Derivative of Implicit Functions

Implicit Function
If the independent and the dependent variables are mixed up in such a way that the dependent variable cannot be expressed in terms of the independent variable, this function is called an implicit function.

For example, $${x^2} + {y^2} – x + y + 3 = 0$$ is an implicit function, because the dependent variable $$y$$ cannot be expressed in terms of the independent variable $$x$$.

Example: Find $$\frac{{dy}}{{dx}}$$ if the given implicit function is $${x^2} + {y^2} = {a^2}$$

We have the given implicit function
\[{x^2} + {y^2} = {a^2}\]

Differentiating with respect to $$x$$, we have
\[\frac{d}{{dx}}{x^2} + \frac{d}{{dx}}{y^2} = \frac{d}{{dx}}{a^2}\]

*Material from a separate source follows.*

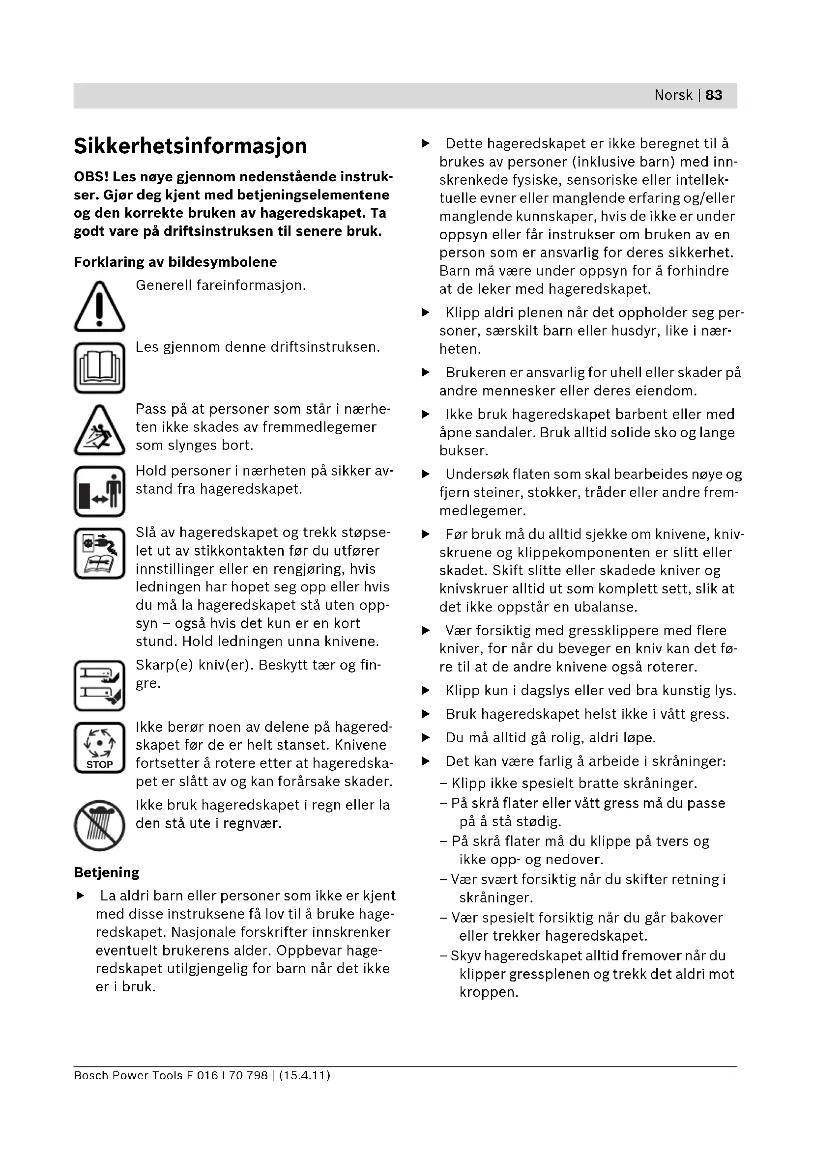 Sikkerhetsinformasjon OBS! Les nøye gjennom nedenstående instruk- ser. Gjør deg kjent med betjeningselementene og den korrekte bruken av hageredskapet. Ta godt vare på driftsinstruksen til senere bruk. Forklaring av bildesymbolene Generell fareinformasjon. Les gjennom denne driftsinstruksen. Pass på at personer som står i nærhe- ten ikke skades av fremmedlegemer som slynges bort. Hold personer i nærheten på sikker av- stand fra hageredskapet. Slå av hageredskapet og trekk støpse- let ut av stikkontakten før du utfører innstillinger eller en rengjøring, hvis ledningen har hopet seg opp eller hvis du må la hageredskapet stå uten opp- syn – også hvis det kun er en kort stund. Hold ledningen unna knivene. Skarp(e) kniv(er). Beskytt tær og fin- gre. Ikke berør noen av delene på hagered- skapet før de er helt stanset. Knivene fortsetter å rotere etter at hageredska- pet er slått av og kan forårsake skader. Ikke bruk hageredskapet i regn eller la den stå ute i regnvær. Betjening f La aldri barn eller personer som ikke er kjent med disse instruksene få lov til å bruke hage- redskapet. Nasjonale forskrifter innskrenker eventuelt brukerens alder. Oppbevar hage- redskapet utilgjengelig for barn når det ikke er i bruk. f Dette hageredskapet er ikke beregnet til å brukes av personer (inklusive barn) med inn- skrenkede fysiske, sensoriske eller intellek- tuelle evner eller manglende erfaring og/eller manglende kunnskaper, hvis de ikke er under oppsyn eller får instrukser om bruken av en person som er ansvarlig for deres sikkerhet. Barn må være under oppsyn for å forhindre at de leker med hageredskapet. f Klipp aldri plenen når det oppholder seg per- soner, særskilt barn eller husdyr, like i nær- heten. f Brukeren er ansvarlig for uhell eller skader på andre mennesker eller deres eiendom. f Ikke bruk hageredskapet barbent eller med åpne sandaler. Bruk alltid solide sko og lange bukser. f Undersøk flaten som skal bearbeides nøye og fjern steiner, stokker, tråder eller andre frem- medlegemer. f Før bruk må du alltid sjekke om knivene, kniv- skruene og klippekomponenten er slitt eller skadet. Skift slitte eller skadede kniver og knivskruer alltid ut som komplett sett, slik at det ikke oppstår en ubalanse. f Vær forsiktig med gressklippere med flere kniver, for når du beveger en kniv kan det fø- re til at de andre knivene også roterer. f Klipp kun i dagslys eller ved bra kunstig lys. f Bruk hageredskapet helst ikke i vått gress. f Du må alltid gå rolig, aldri løpe. f Det kan være farlig å arbeide i skråninger: – Klipp ikke spesielt bratte skråninger. – På skrå flater eller vått gress må du passe på å stå stødig. – På skrå flater må du klippe på tvers og ikke opp- og nedover. – Vær svært forsiktig når du skifter retning i skråninger. – Vær spesielt forsiktig når du går bakover eller trekker hageredskapet. – Skyv hageredskapet alltid fremover når du klipper gressplenen og trekk det aldri mot kroppen. STOP OBJ_BUCH-1393-001.book Page 83 Friday, April 15, 2011 10:36 AM84 | Norsk F 016 L70 798 | (15.4.11) Bosch Power Tools f Knivene må stå stille når du vipper hagered- skapet til transport, når du går over flater uten gress og når du transporterer hagered- skapet til og fra området som skal klippes. f Ikke vipp hageredskapet når motoren star- tes, unntatt hvis dette er nødvendig til star- ting i høyt gress. I dette tilfellet må siden som peker bort fra brukeren ikke løftes lenger opp med håndtaket enn nødvendig. Pass på at hendene dine holder i grepet når du slip- per hageredskapet ned igjen. f Slå hageredskapet på som beskrevet i drifts- instruksen, og pass på at føttene dine er godt unna de roterende delene. f Sørg for at hender og føtter ikke kommer i nærheten av eller under roterende deler. f Hold deg på avstand til utkastsonen når du arbeider med hageredskapet. f Du må aldri løfte eller bære hageredskapet mens motoren går. f Bruk aldri hageredskapet med defekte be- skyttelsesinnretninger, deksler eller uten sik- kerhetsinnretninger, som f. eks. avbøyervern og/eller gressoppsamlerkurv. f Vær spesielt forsiktig ved innstillinger på gress- klipperen, slik at du ikke klemmer fast hender og føtter mellom de bevegelige knivene og fast- stående maskindeler på gressklipperen. f Hold strøm- og skjøteledninger unna kni- ven. Kniven kan skade ledningen og medføre at du berører spenningsførende deler. OBS! Det er fare for elektriske støt. Trekk støpselet ut av stikkontakten: – alltid når du forlater hageredskapet, – før blokkeringer fjernes, – når du sjekker, rengjør eller arbeider på ha- geredskapet, – etter kollisjon med et fremmedlegeme. Sjekk straks om hageredskapet er skadet og la det om nødvendig repareres, – hvis hageredskapet begynner å vibrere uvan- lig sterkt (må straks sjekkes). Strømtilkobling f Spenningen på strømkilden må stemme over- ens med informasjonene på typeskiltet til ha- geredskapet. f Det anbefales å kople hageredskapet kun til en stikkontakt som er sikret med en 30 mA jordfeil-bryter. f For dette hageredskapet må du kun bruke el- ler skifte ut ledninger som stemmer overens med produsentens informasjoner; bestil- lings-nr. og type se driftsinstruksen. f Ta aldri i støpselet med våte hender. f Ikke kjør over, press eller dra i strøm- eller skjøteledningen, ellers kan den ta skade. Be- skytt ledningen mot varme, olje og skarpe kanter. f Skjøteledningen må ha det tverrsnittet som er angitt i bruksanvisningen og må være vannsprutbeskyttet. Stikkforbindelsen må ikke ligge i vannet. f Bruk alltid arbeidshansker når du håndterer eller arbeider i nærheten av de skarpe knive- ne. Vedlikehold f Bruk alltid arbeidshansker når du håndterer eller arbeider i nærheten av de skarpe kni- vene. f Sørg for at alle mutre, bolter og skruer sitter godt fast, slik at hageredskapet befinner seg i en sikker arbeidstilstand. f Kontroller gressoppsa

Here, $${a^2}$$ any constant and the derivative of the constant function is zero.
\[\begin{gathered} 2x + 2y\frac{{dy}}{{dx}} = 0 \\ \Rightarrow 2y\frac{{dy}}{{dx}} = – 2x \\ \Rightarrow \frac{{dy}}{{dx}} = – \frac{{2x}}{{2y}} \\ \Rightarrow \frac{{dy}}{{dx}} = – \frac{x}{y} \\ \end{gathered} \]